Внезапно из темной аллеи появилась черная высокая фигура. Листья уже казались серыми, и лицо этого человека я увидел лишь тогда, когда он, необычайно медленно, крохотными шажками, почти не отрывая ног от земли, приблизился ко мне и остановился в нескольких шагах. Его руки прятались в каких-то утолщенных раструбах, откуда выходили два тонких стержня, оканчивавшихся черными грушевидными расширениями. Он опирался на них, как человек, необычайно слабый. Он не смотрел на меня, не смотрел ни на что – смех, громкие крики, музыка, взрывы фейерверка, казалось, вообще не существуют для него. Так он постоял с минуту, тяжело дыша, и в свете повторяющихся фейерверков его лицо показалось мне таким древним, словно годы стерли с него всякое выражение, оставив лишь кожу да кости. Когда он уже собрался тронуться дальше, выбросив вперед эти странные груши или протезы, один из них скользнул, я вскочил со скамейки, чтобы поддержать его, но он сам удержался. Он был на голову ниже меня, но все-таки очень высокий для нынешних людей; его блестящие глаза смотрели на меня.

– Простите, – пробормотал я и хотел отойти, но остановился: в его глазах был какой-то приказ.

– Я вас уже видел где-то. Но где? – спросил он неожиданно сильным голосом.

– Сомневаюсь, – ответил я, покачивая головой. – Я только вчера вернулся… из очень далекой экспедиции.

– Откуда?

– Фомальгаут.

Его глаза сверкнули.

– Ардер! Том Ардер!!

– Нет, – сказал я. – Но я был с ним.

– А он?

– Погиб.

Он задохнулся:

– Помогите… мне… сесть…

Я обхватил его за плечи. Под черным скользким материалом прощупывались одни только кости. Медленно опустил его на скамейку. Стал рядом.

– Сядьте… тоже.

Я сел.
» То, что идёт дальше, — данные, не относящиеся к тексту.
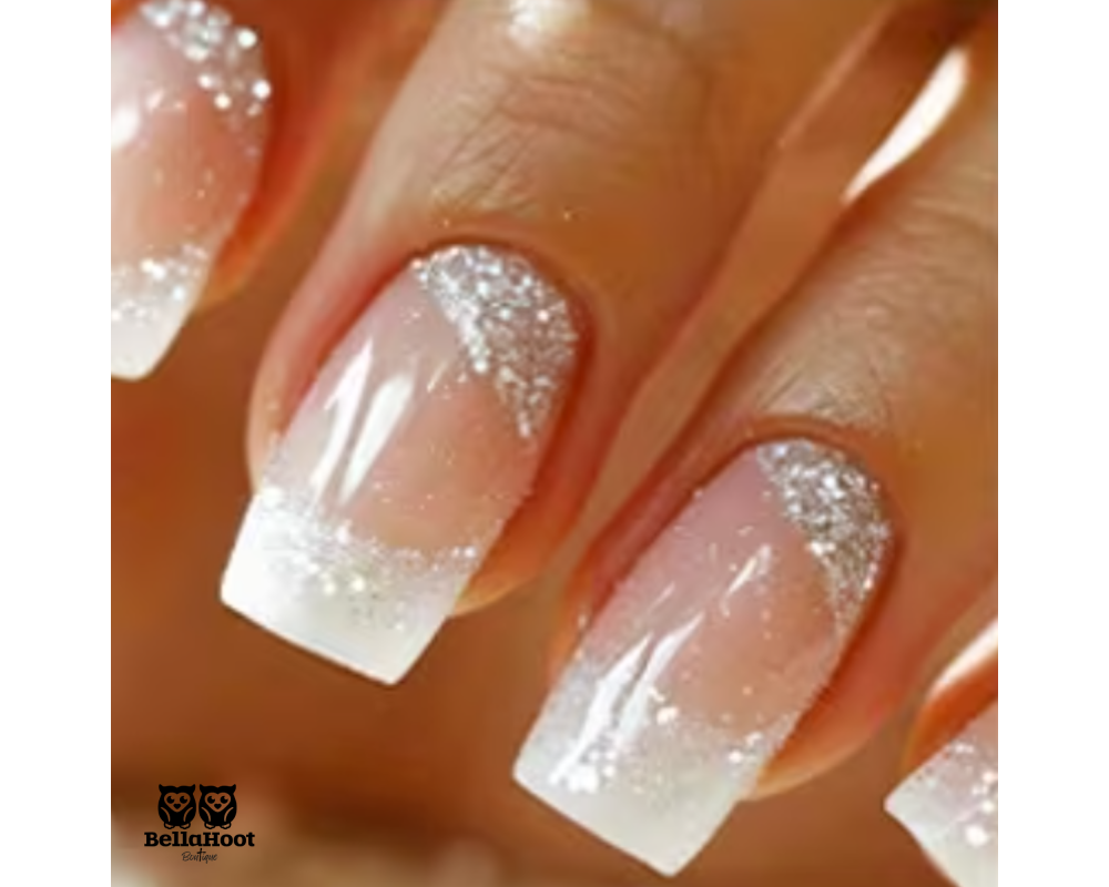A classic white French tip elevated with refined silver sparkle.
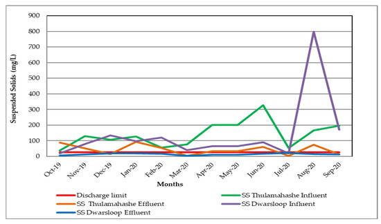 Figure 7 depicts the average concentrations of suspended solids in the influent and effluent of Thulamahashe WWTW, which ranged from 37.60 to 326.00 mg/L and 2.00 to 93.60 mg/L, respectively, while at the Dwarsloop WWTW, the concentrations ranged from 18.00 to 797.00 mg/L and 2.00 to 21.50 mg/L. The Thulamahashe WWTW had higher average SS concentrations in the effluent than the specified general effluent standard limit of 25 mg/L throughout the study period, except for December 2019, March 2020, July 2020, and September 2020. While in the Dwarsloop WWTW, the effluent concentrations were within the specified limit. The higher concentration of total suspended solids (TSS) in trickling filter WWTW effluents may be due to uncontrolled biomass slough-off [20].

Он все еще тяжело дышал, не открывая глаз.

– Это ничего… волнение, – шепнул он. Потом с трудом поднял веки и просто сказал: – Я Ремер.

У меня перехватило дыхание:

– Как… Вы… Вы? Сколько же…

– Сто тридцать четыре, – сухо ответил он. – Тогда мне было семь.

Я помнил его. Он приехал к нам со своим отцом, феноменальным математиком, который был ассистентом Геонидеса – создателя теории нашего полета. Ардер тогда показал ребенку наш большой испытательный зал, центрифугу – таким он и остался у меня в памяти: подвижный, словно искра, семилетний мальчонка, с черными отцовскими глазами; Ардер поднял его на руки, чтобы малыш мог вблизи рассмотреть гравикамеру, в которой сидел я.